Gáspár Nagy was born in a small village to a poor peasant family which was well-known for its firm religiosity and its loyalty to the Roman Catholic Church, even in the 1950s. He finished elementary school in Bérbaltavár and was admitted to the Benedictine Grammar School in Pannonhalma. Before he could start his studies in Librarianship and Community Education at the College of Szombathely in 1968, he had to work as an unskilled worker for one year. He began to publish poems in the journal of the college, from which he graduated in 1971. At around that time, he was targeted by the political police, which kept him under observation until 1989. Nagy began his career as librarian in Budapest. He later worked as an editor at Móra Publishing House. In 1981, he was elected to serve as the secretary of the Writer’s Union. He was forced to resign in 1985 as a consequence of a poem he published urging the reburial of his namesake, former Communist leader Imre Nagy, who was executed after the 1956 Revolution and buried in an anonymous grave. In 1985, he was made secretary of the Bethlen Gábor Foundation, and from 1988 to 2004 he served as editor of the journal Hitel (“Credit”). In June 1989, he was invited to recite his poems at the reburial of Imre Nagy. He headed the cultural section of the Hungarian Catholic Radio from 2004 until his death in 2007.

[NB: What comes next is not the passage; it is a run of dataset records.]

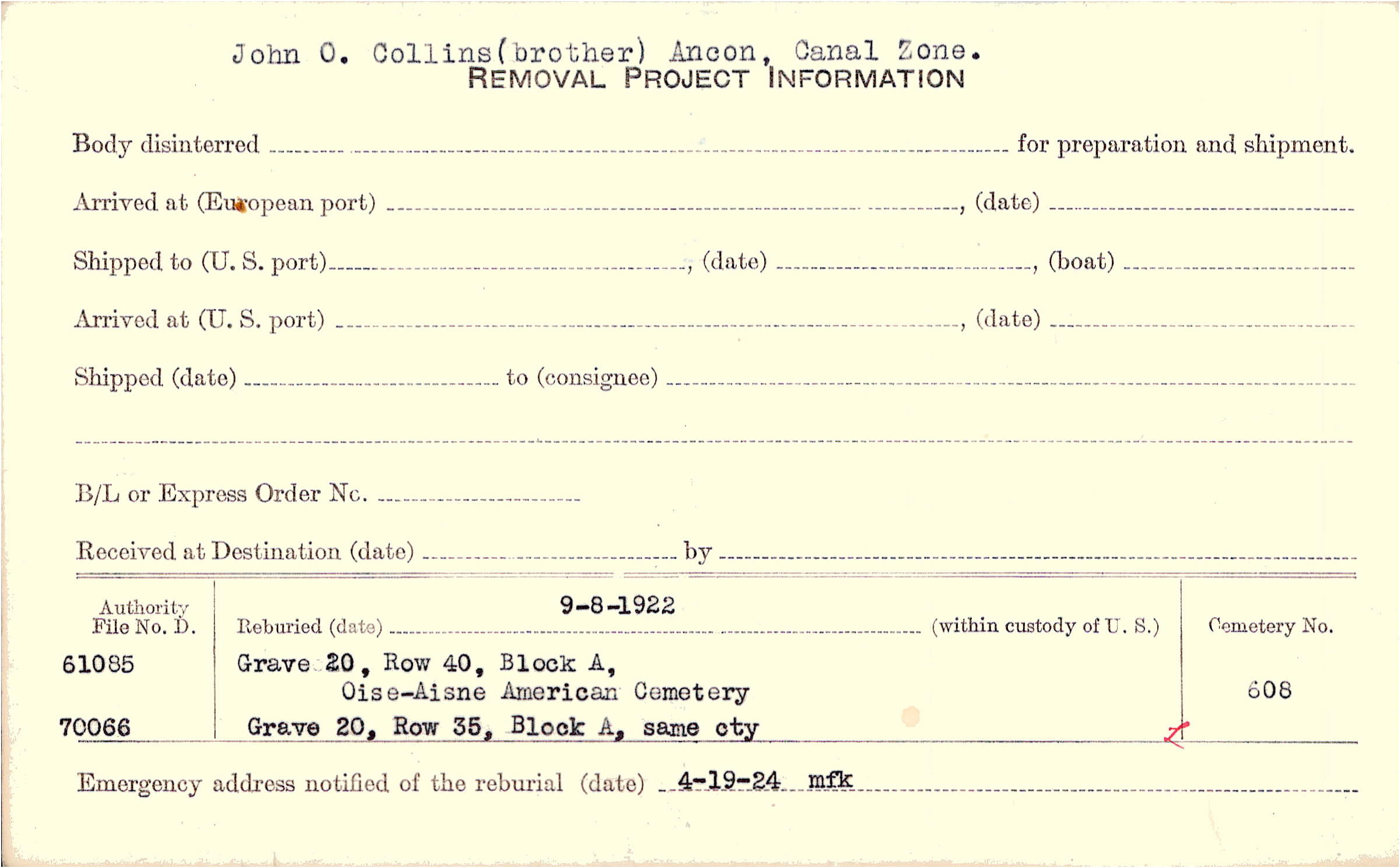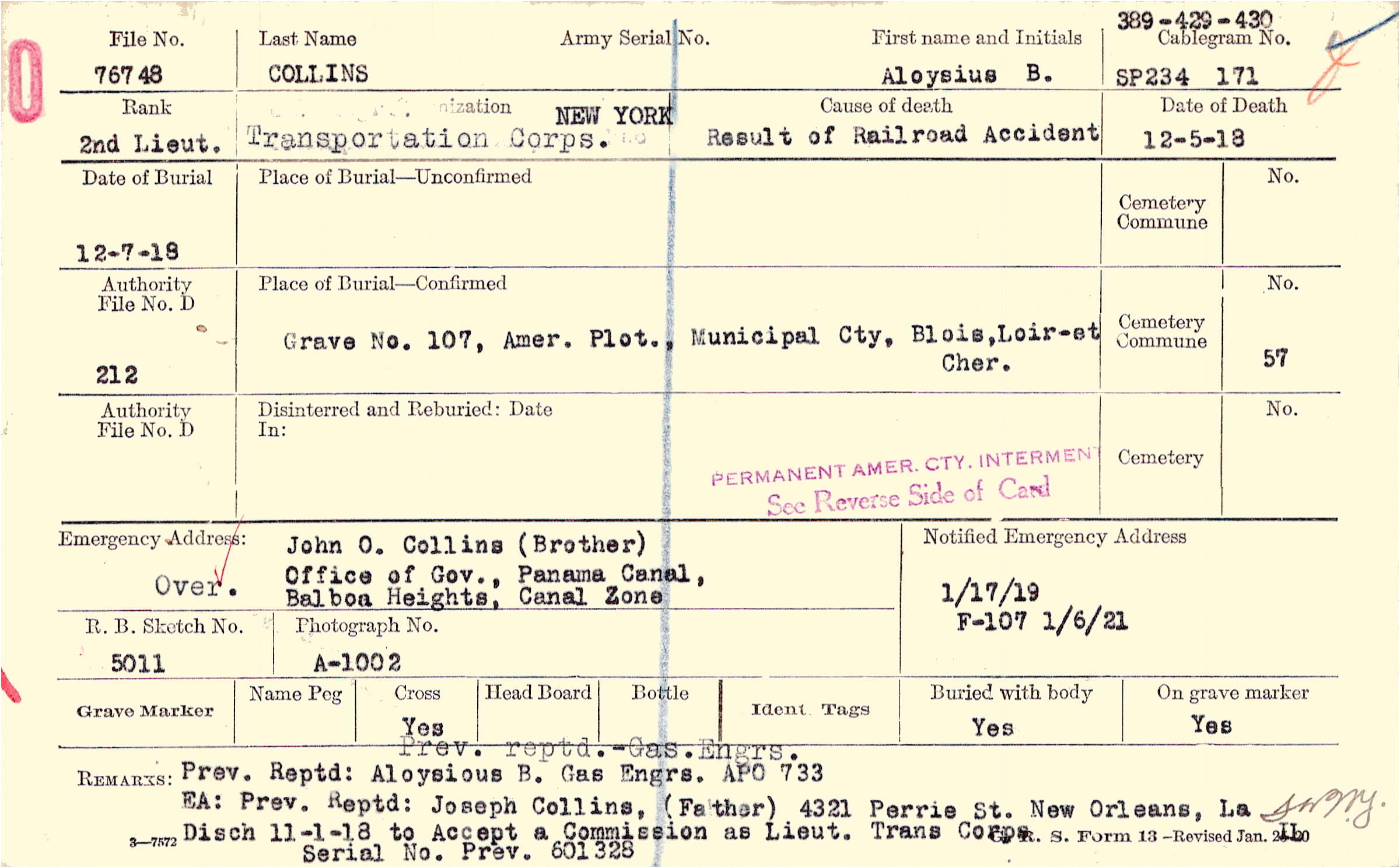 Prev. reptd. - Gas Engrs. Prev. Reptd: Aloysious B. Gas Engrs. APO 733 EA: Prev Reptd: Joseph Collins, (Father) 4321 Perrie St. New Orleans, La Disch 11-1-18 to Accept a Commission as Lieut. Trans Corps. Serial No. Prev. 601328
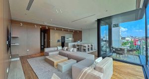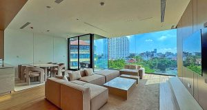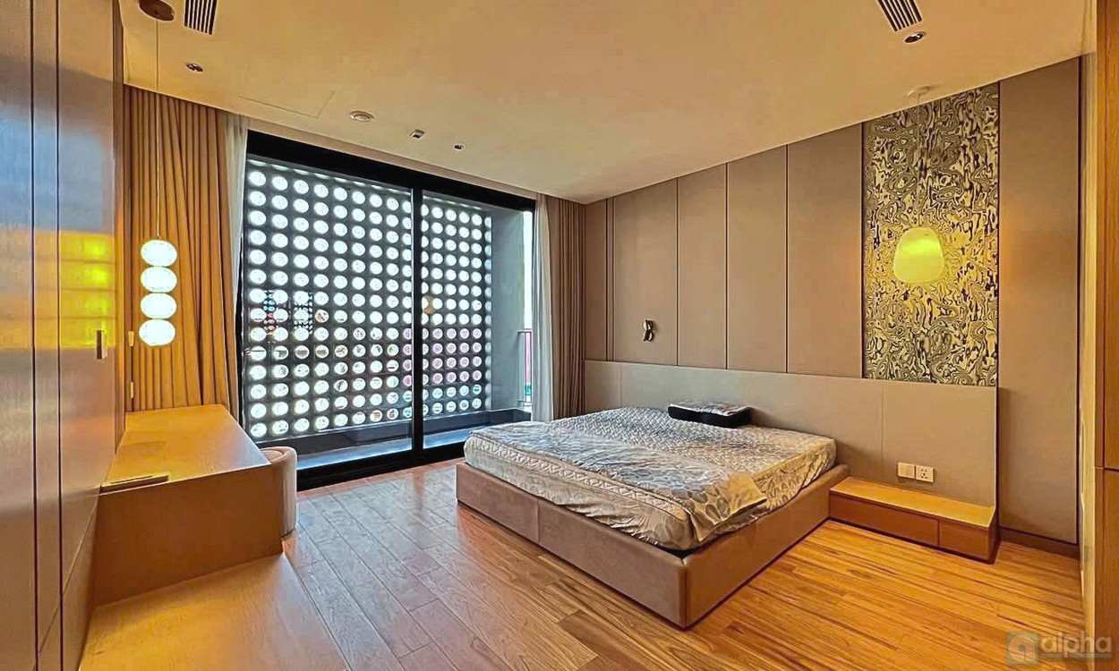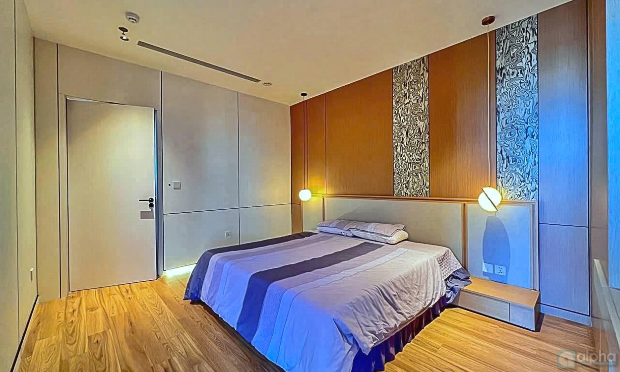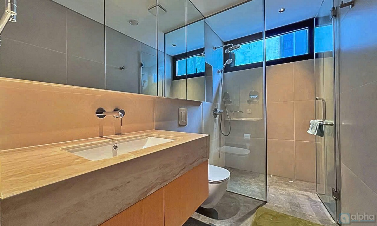 Modern 02-bedroom apartment for rent in Xuan Dieu, Tay Ho, Ha Noi with direct car access. Total living area is 127 m2 with modern design, 02 bedrooms and big wardrobes, a spacious living room with opening window and balcony view overlooking Westlake, a modern open kitchen and dining area.
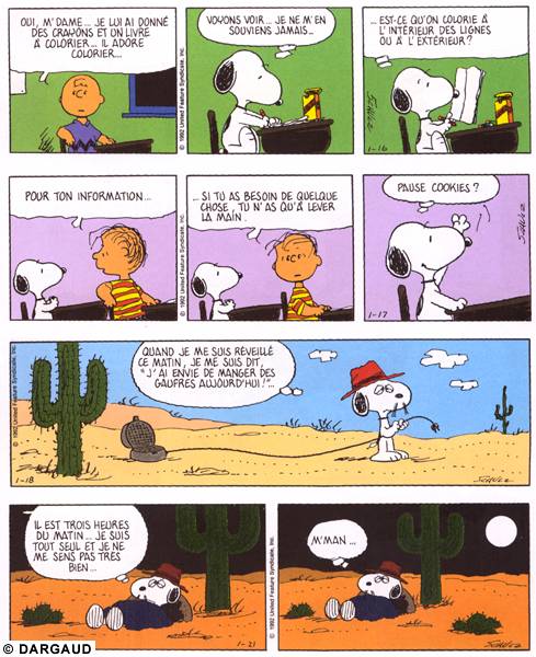 Décidément, les Peanuts ont des sujets de méditation, ces temps-ci : Sally perd ses dents et les met sous l’oreiller comme tout le monde, mais elle apprend que la souris envoie les dents qu’elle ramasse a une usine de boules de billard. Est-ce correct ? Snoopy, lui, a le vague souvenir d’un rat qui venait chercher ses crocs quand il était petit. Et a propos d’enfance, il s’est remis a son roman : "Je viens d’une famille tres pauvre. Nous étions si pauvres que nous mangions de la pâtée pour chats. Nous en sommes tous morts." En fait, il semblerait que personne ne soit mort, mais le chat était furax. Et maintenant, Snoopy est obsédé de cookies. C’est comme ça, quand on a été pauvre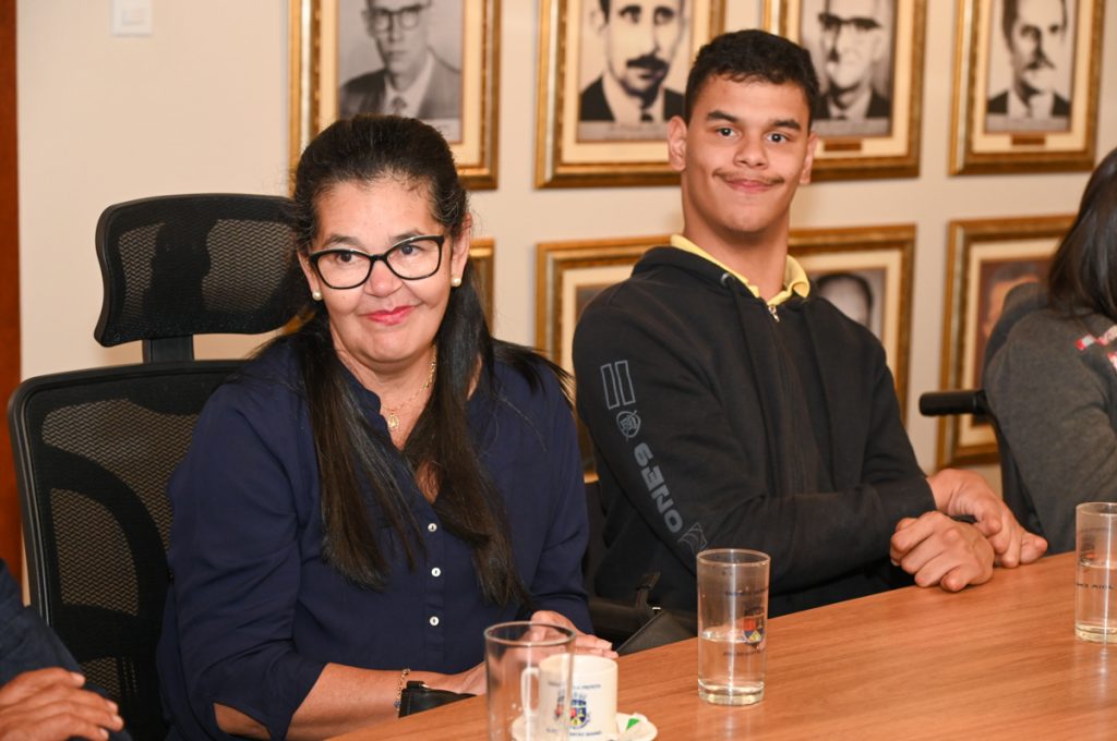 Para tratar de possíveis iniciativas públicas que proporcionem atividades aos jovens com necessidades especiais, após finalizarem a formação escolar, o Governo Municipal realizou, nesta segunda-feira (5), uma audiência com João Vitor, de 22 anos, e Mariana Portela, de 25 anos, pessoas com deficiência, e suas respectivas mães, Maria Soares de Oliveira e Nailza Teixeira Portela. O encontro contou com a presença do coordenador pedagógico da Rede Municipal, Ronilson Ferreira, e do presidente da Câmara de Vereadores, Hermínio Oliveira.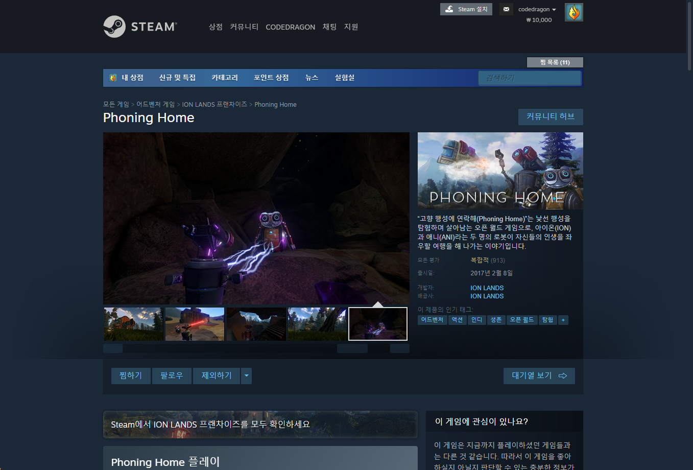 "Phoning Home" 스팀 페이지 입니다.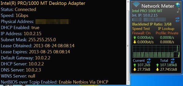 Like we already mentioned, click on the Network Meter text above opens up additional information about the network connection in an extended window to the left.
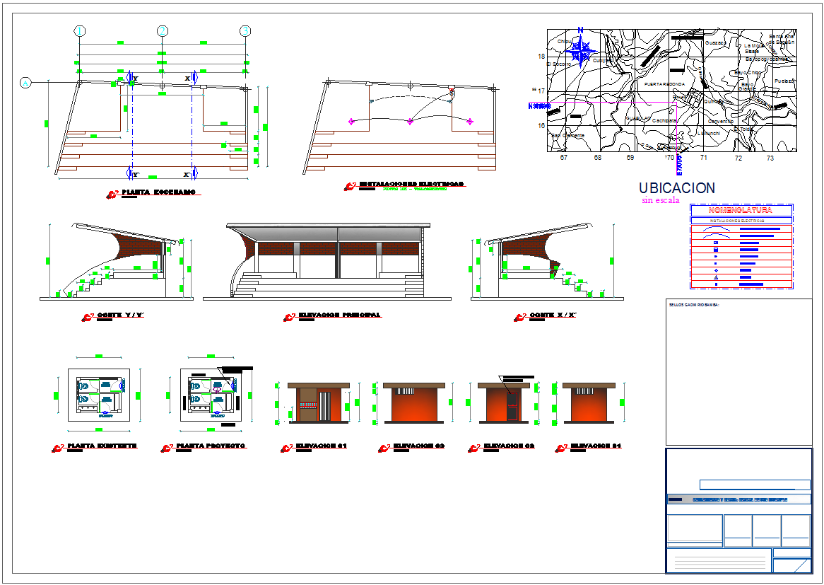 Stage architecture and civil detail cad drawing. Include presentation cad drawing, detail of architecture and detail of civil.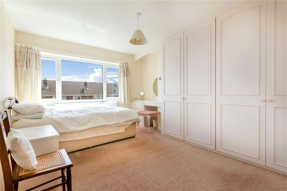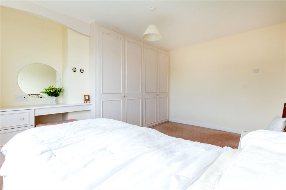 Large window to front, a generous double bedroom, range of fitted wardrobes to one side with hanging rails and shelving, matching fitted dresser unit, radiator.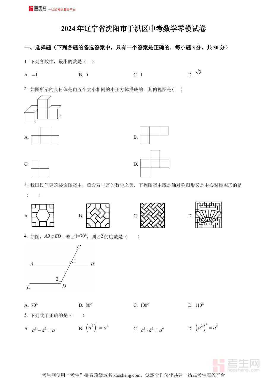 《精品解析:2024年辽宁省沈阳市于洪区中考数学零模试预测题(原卷版)》是面向2024年辽宁省沈阳市于洪区初中毕业生打造的中考数学零模阶段预测性备考资料,精准对接该地区中考数学的命题规律与考查重点,为考生提供了具有鲜明区域特色的模拟训练载体,助力考生提前适应本地零模考试的整体框架与命题方向。

As Gáspár Nagy noted in an interview, he found the 1980s a very hard time in political terms. Several of his works were censored and banned, and journals he published in were terminated, all this in a period in which he was artistically the most productive. Nevertheless, he was convinced that he was right in his beliefs. He felt that he was morally incorruptible, and this gave him strength. Reader responses also encouraged him to continue working along the same lines. The actor Imre Sinkovits once told him that he was extremely brave. He responded by saying: “I was not brave. I was just feared being afraid.”